43. The equipment as described in the claim 39, characterized in that the level of CA125 in the control sample is a level below which, a level of CA125 in a subject's sample is indicative of the cancer sensitivity of the subject to the administration of ABT-869.

44. The equipment as described in the claim 39, characterized in that the level of CEA in the control sample is a level above which a CEA level in a subject's sample is indicative of the cancer sensitivity in the subject to the administration of ABT-869

45. The equipment as described in claim 39, characterized in that one or more substrates, each comprising a solid support coupled to a detectable label.

46. The equipment as described in claim 45, characterized in that the detectable label comprises a fluorescent compound.

47. The equipment as described in claim 39, characterized in that it also comprises instructions for determining the level of each marker in a sample of the subject.

48. The equipment as described in claim 47, characterized in that the sample of the subject is a blood sample.

49. The equipment as described in claim 47, characterized in that the sample of the subject is a plasma sample.

50. The equipment as described in the claim 47, characterized in that the sample of the subject is a serum sample.

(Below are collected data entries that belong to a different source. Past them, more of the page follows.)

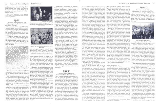 "As one who really know doesn't envy Frank Morey his job of furnishing the magazine with a column of class notes each month for nine consecutive months I take my pencil in mouth and chew, with the thought of giving Frank a little relief. My song is 'As the checks go tearing by,' but this isn't a dun. It is ramble ad lib as it were. You all know that our class has agreed to a group subscription for this magazine, and as far as our class is concerned it means that we underwrite each year some 250 subscriptions—and then hope by January Ist to have collected enough money to square up. Personally, I get a big kick out of the work for several reasons. Enough wisecracks arrive in my mail from such 'eggs' as Johnnie Allen, John Stickney and others to more than compensate for my labors. Even one wife wisecracks at me—Mrs. Art Pfeiffer—but I can take it. She writes a mean check.
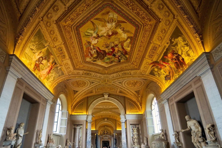Inne i Vatikanmuseerna kommer du att upptäcka en av de viktigaste konstsamlingarna i världen, ackumulerad av påvarna genom århundradena. Du kommer att besöka enastående områden som Pio Clementino-museet, hem till mästerverk som Laocoön och Apollo Belvedere, liksom kartgalleriet, gobelänggalleriet och andra rum fulla av historia och symbolik, alltid med förklaringar från din guide och hörlurar för att inte missa någon detalj.
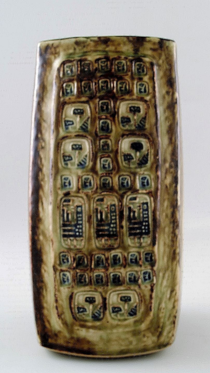 Royal Copenhagen stentøjsvase af Jørgen Mogensen. 1970´erne. Størrelse: 24 cm. høj. 11 cm. i diameter. Nummer: 21923 3. sortering. I perfekt stand.

51. A device for predicting the sensitivity of a cancer in a subject to the administration of ABT-869 to the subject, wherein the equipment comprises: to. a microformation of markers comprising one or more selected from the group consisting of NSE, CYFRA 21-1, CA125, CEA and truncated forms thereof, and b. a control sample containing a predetermined level of the marker or markers, wherein the predetermined level for each marker is a level relative to which, a level for said marker, indicates a sensitivity of the subject's cancer to the administration of ABT-869.

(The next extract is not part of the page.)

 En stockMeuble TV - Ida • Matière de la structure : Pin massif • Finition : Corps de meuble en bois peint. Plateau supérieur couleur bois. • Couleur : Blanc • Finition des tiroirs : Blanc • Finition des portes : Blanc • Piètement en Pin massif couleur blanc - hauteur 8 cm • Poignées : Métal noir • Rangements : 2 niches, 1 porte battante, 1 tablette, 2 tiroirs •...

52. The equipment as described in claim 51, characterized in that the cancer is a non-small cell lung cancer.

53. The equipment as described in claim 51, characterized in that the level of NSE in the control sample is a level below which, a level of NSE in the sample of a subject is indicative of the cancer sensitivity of the subject to the administration of ABT-869.

54. The equipment as described in claim 51, characterized in that the level of CYFRA 21-1 in the control sample, is a level below which, a CYFRA 21-1 level in a subject's sample is indicative of the Cancer sensitivity to the administration of ABT-869.

55. The equipment as described in claim 51, characterized in that the level of CA125 in the control sample is a level below which, a level of CA125 in the sample of a subject is indicative of the sensitivity of the cancer to the administration of ABT-869.

56. The equipment as described in claim 51, characterized in that the level of CEA in the control sample is a level below which, a CEA level in a subject's sample is indicative of the sensitivity of the cancer to the administration of ABT-869.

57. The equipment as described in claim 51, characterized in that it also comprises instructions for determining the level of each marker in a sample of the subject.

58. The equipment as described in the claim 51, characterized in that the sample of the subject is a blood sample.

59. The equipment as described in claim 51, characterized in that the sample of the subject is a plasma sample.

60. The equipment as described in claim 51, characterized in that the sample of the subject is a serum sample.